◆ **WHAT NEEDS TO BE DONE**
Please repeat exactly the lines from the one containing "在2025年国庆、中秋双节前" through the last line of the records, both included, and nothing else, leaving out any pictures.

═══ MATERIAL PROVIDED

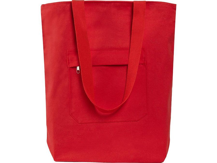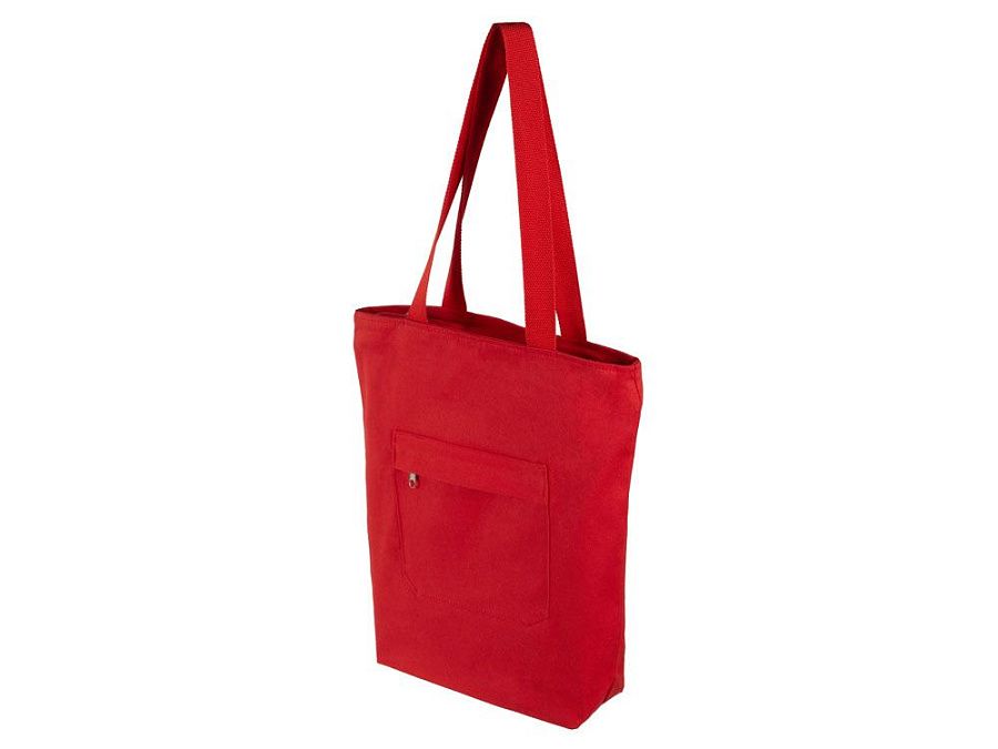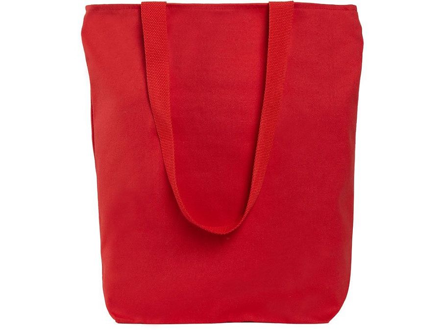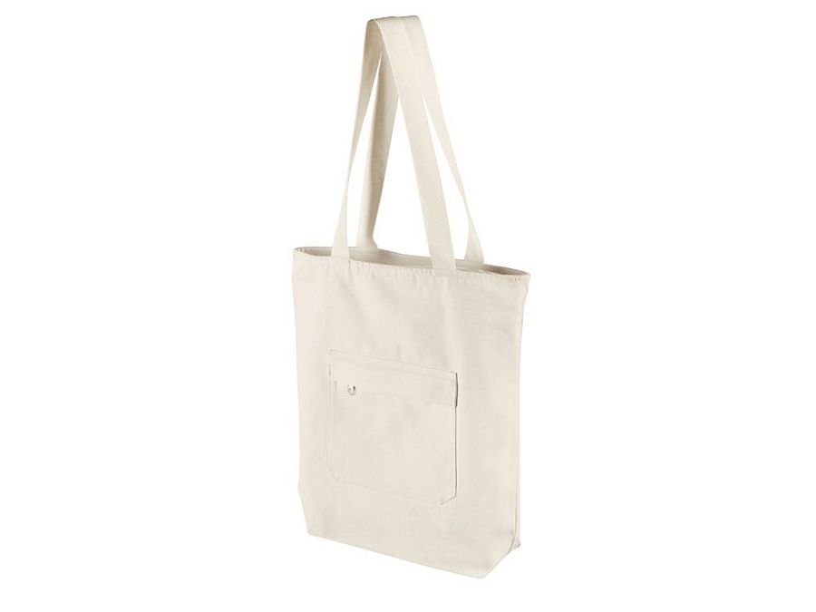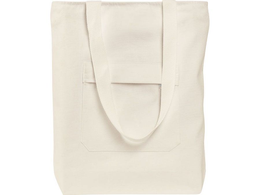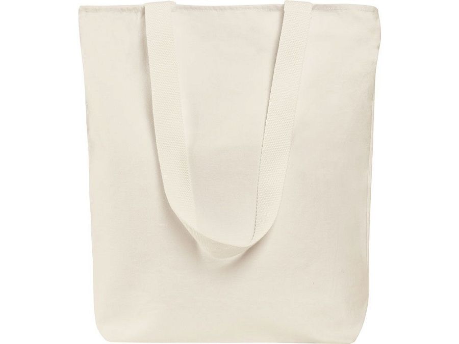 Преимущество этой сумки в наличии застежки молнии на основном отделении - ее содержимое остается закрытым. Донная складка увеличивает вместимость. Снаружи расположен карман на молнии. Парусиновые ручки в тон сумки.
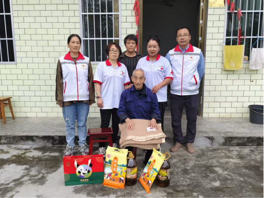在2025年国庆、中秋双节前夕,犍为县红十字会志愿服务队志愿者自发筹集资金,购置大米、粮油、月饼、凉被等慰问品,专程走访慰问生活困难的抗美援朝老兵,向他们致以节日的问候和崇高的敬意。
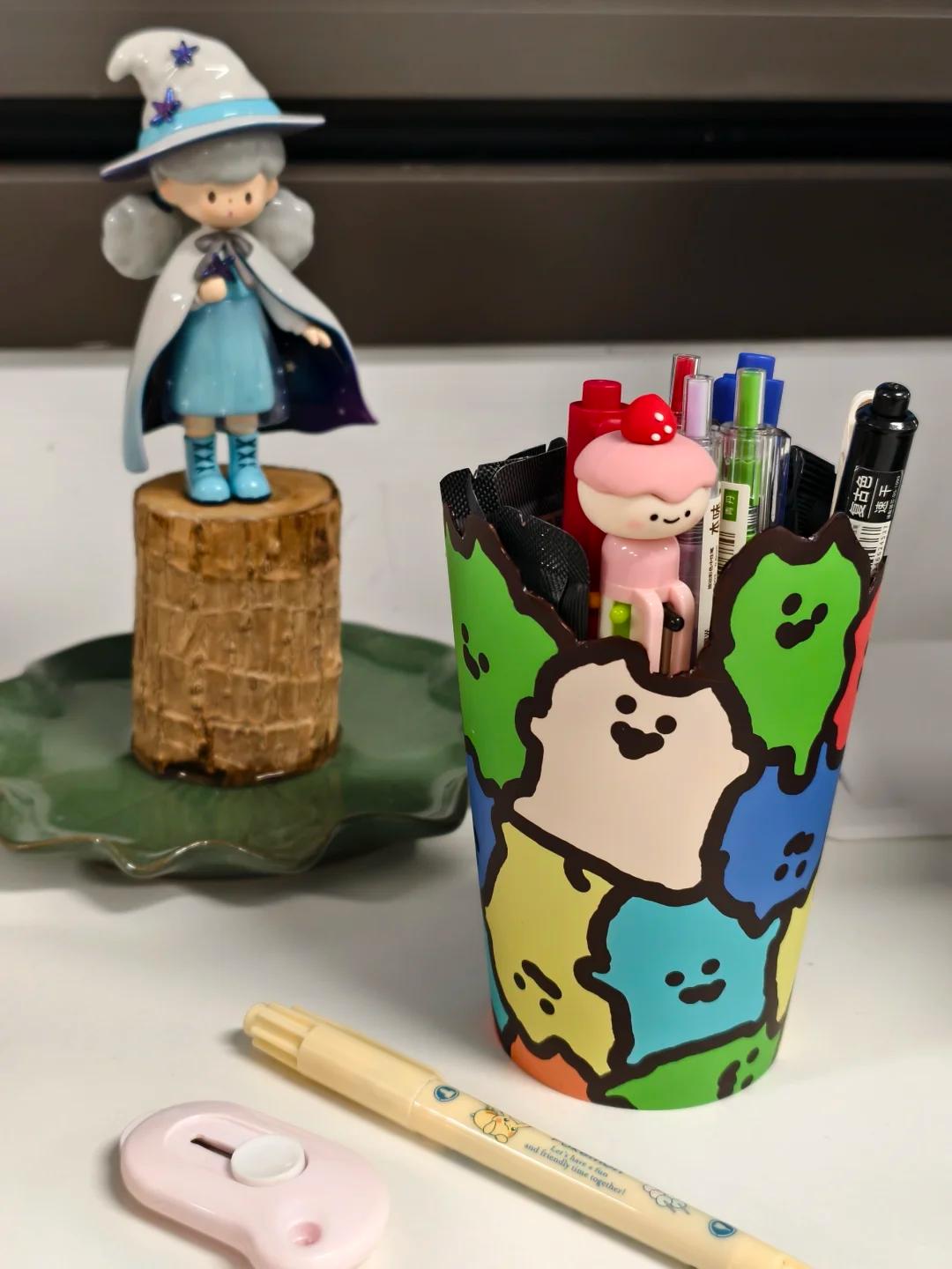 把闲置水杯直接放在桌上,笔、化妆刷、剪刀等放进去都可以,比买的收纳盒还方便。
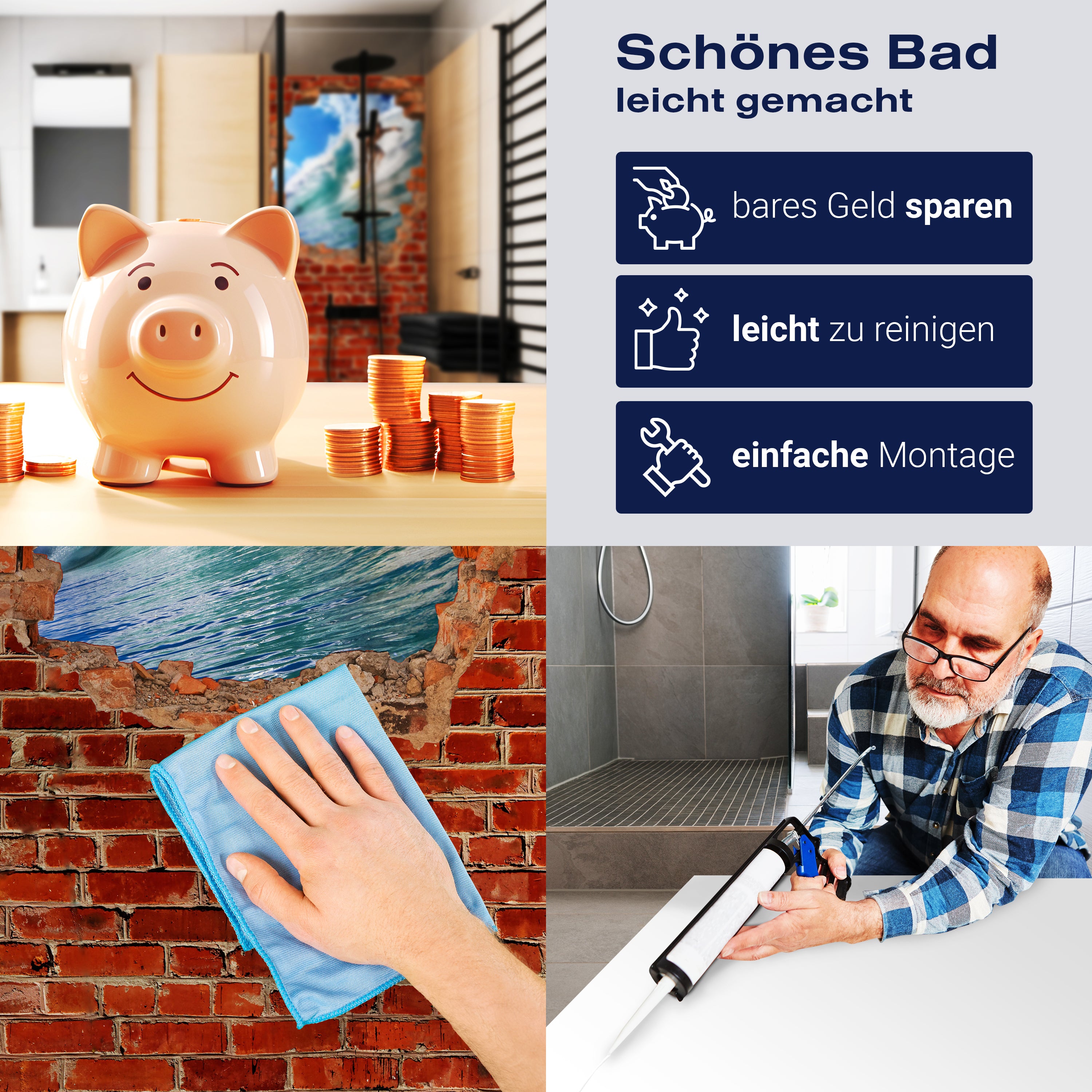 Diese Materialien bieten im Vergleich zu traditionellen Fliesen mehrere Vorteile. Sie haben eine fugenlose Oberfläche, was bedeutet, dass sie weniger anfällig für Schimmelbildung und leichter zu reinigen sind, da sich Schmutz und Kalk nicht in Fugen festsetzen können. Darüber hinaus ermöglichen sie eine schnelle und einfache Renovierung, da sie direkt über bestehenden Fliesen montiert werden können, was Zeit und Kosten spart
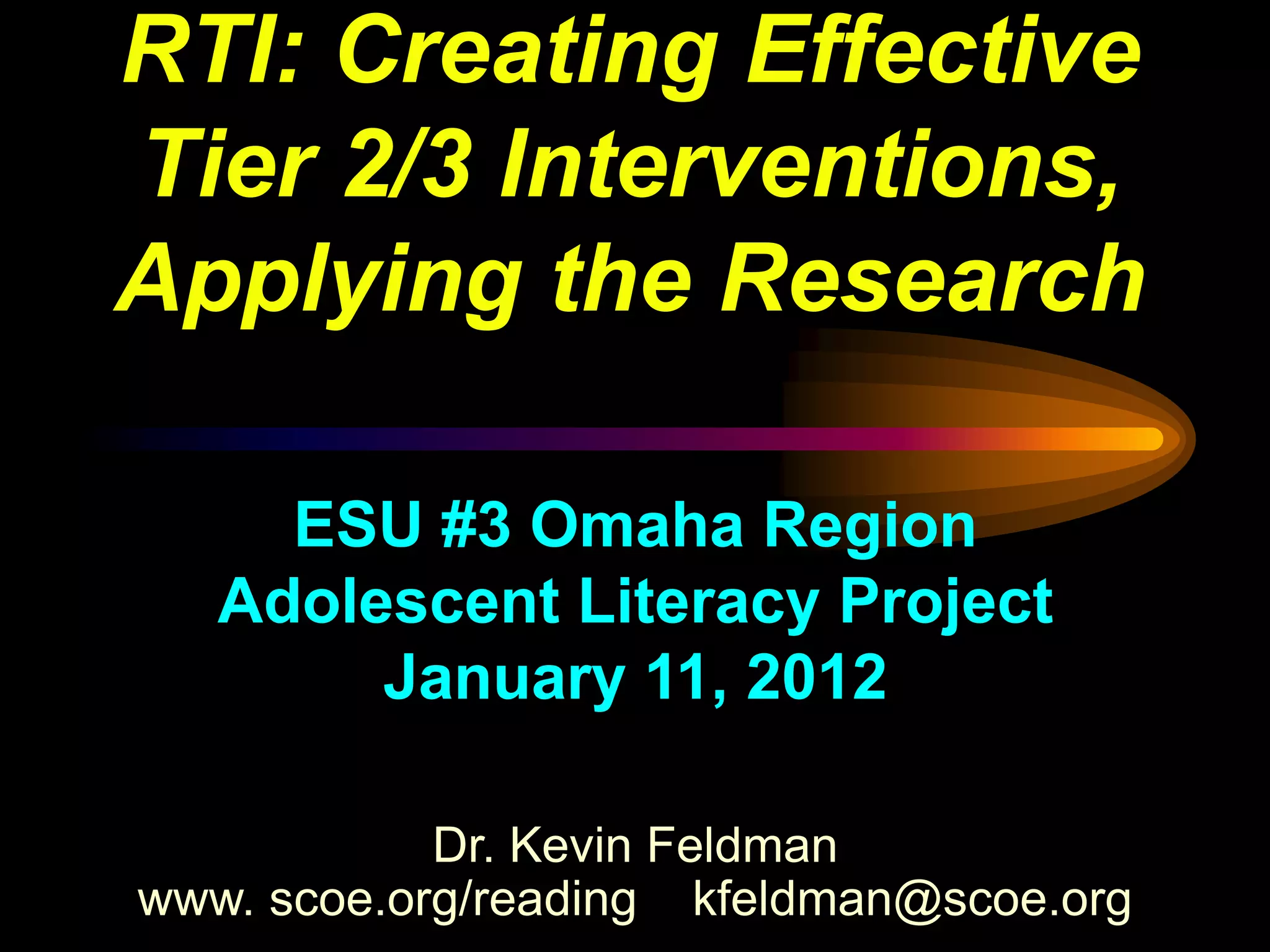 This document discusses Response to Intervention (RtI) and creating effective Tier 2 and 3 literacy interventions for adolescents. It provides validation for RtI approaches, outlines practical strategies and resources for implementation, and discusses information to further refine RtI programs. Key points include organizing interventions in tiers of increasing intensity based on student need, using data to drive decision making, and matching interventions to assessed student needs in domains like word study, fluency, vocabulary, and comprehension. Direct and explicit instruction is emphasized along with intensive small group work for struggling readers.

══════

◆ **ANSWER FOR THE TASK**
在2025年国庆、中秋双节前夕,犍为县红十字会志愿服务队志愿者自发筹集资金,购置大米、粮油、月饼、凉被等慰问品,专程走访慰问生活困难的抗美援朝老兵,向他们致以节日的问候和崇高的敬意。
 把闲置水杯直接放在桌上,笔、化妆刷、剪刀等放进去都可以,比买的收纳盒还方便。
 Diese Materialien bieten im Vergleich zu traditionellen Fliesen mehrere Vorteile. Sie haben eine fugenlose Oberfläche, was bedeutet, dass sie weniger anfällig für Schimmelbildung und leichter zu reinigen sind, da sich Schmutz und Kalk nicht in Fugen festsetzen können. Darüber hinaus ermöglichen sie eine schnelle und einfache Renovierung, da sie direkt über bestehenden Fliesen montiert werden können, was Zeit und Kosten spart
 This document discusses Response to Intervention (RtI) and creating effective Tier 2 and 3 literacy interventions for adolescents. It provides validation for RtI approaches, outlines practical strategies and resources for implementation, and discusses information to further refine RtI programs. Key points include organizing interventions in tiers of increasing intensity based on student need, using data to drive decision making, and matching interventions to assessed student needs in domains like word study, fluency, vocabulary, and comprehension. Direct and explicit instruction is emphasized along with intensive small group work for struggling readers.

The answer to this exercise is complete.